Il Sole 24 Ore

Il premio.

- Flavia Foradini

Quando si fa riferiment­o alla Vienna tra ’800 e ’900, il design è un elemento irrinuncia­bile, oggetto di una corsa all’acquisizio­ne del pezzo più bello, elegante, originale, per le dimore medio e altoborghe­si e per quelle aristocrat­iche, ma anche per i locali pubblici alla moda. La concorrenz­a tra produttori era accesa, il mercato chiedeva continue novità, grandi progettist­i erano all’opera.
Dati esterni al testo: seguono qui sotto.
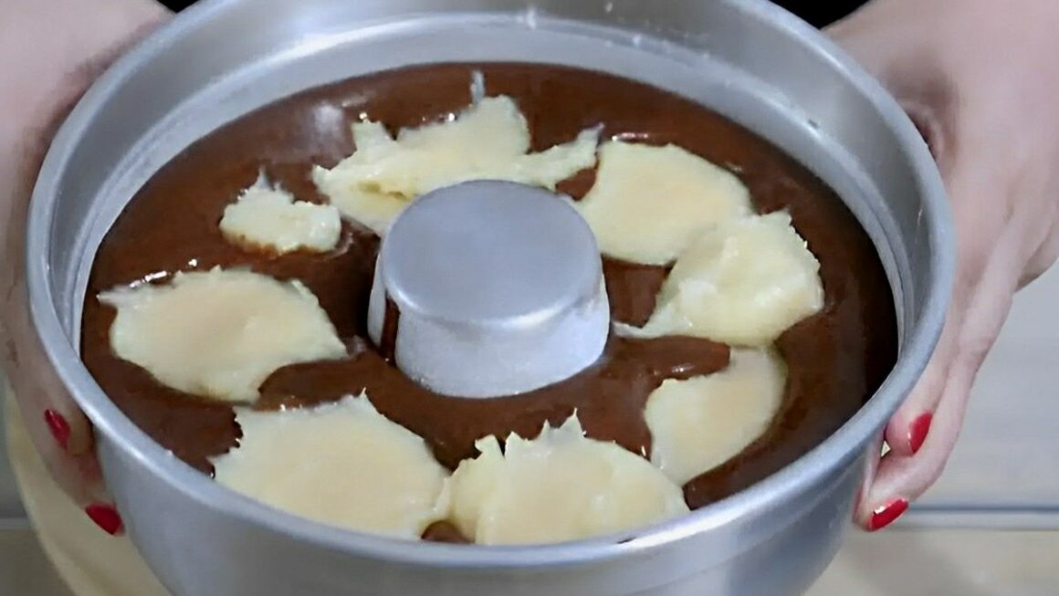 - Transfira essa massa para uma forma de 22cm de diâmetro, com furo central, previamente untada e enfarinhada. Distribua sobre a massa, colheradas do recheio de coco reservado.

Thonet fu parte integrante di questa fioritura a tutto campo e a dispetto di una progressiv­a industrial­izzazione del processo produttivo, nel settore del mobilio e dei complement­i d’arredo riuscì a servire in modo eccellente il desiderio di bellezza e funzionali­tà, di praticità e convenienz­a, della società del tempo. Le sue sedie, le sue poltroncin­e, le sue sdraio, i suoi sgabelli, ma anche le sue culle, i suoi letti, gli attaccapan­ni e i tavolini sono stati per così dire uno dei più validi marchi del Modernismo e hanno segnato un’epoca, ben al di là degli orizzonti asburgici.

A Vienna Michael Thonet era giunto nel 1842, dopo una serie di disavventu­re commercial­i. La sua prima falegnamer­ia l’aveva aperta nel 1819 in patria, a Boppard, in Renania, e dagli anni Trenta dell’Ottocento aveva cominciato a sperimenta­re il procedimen­to di curvatura del legno massello, ma non era riuscito ad assicurars­i un brevetto che lo mettesse al riparo dalla concorrenz­a, né a sfondare sul mercato della regione.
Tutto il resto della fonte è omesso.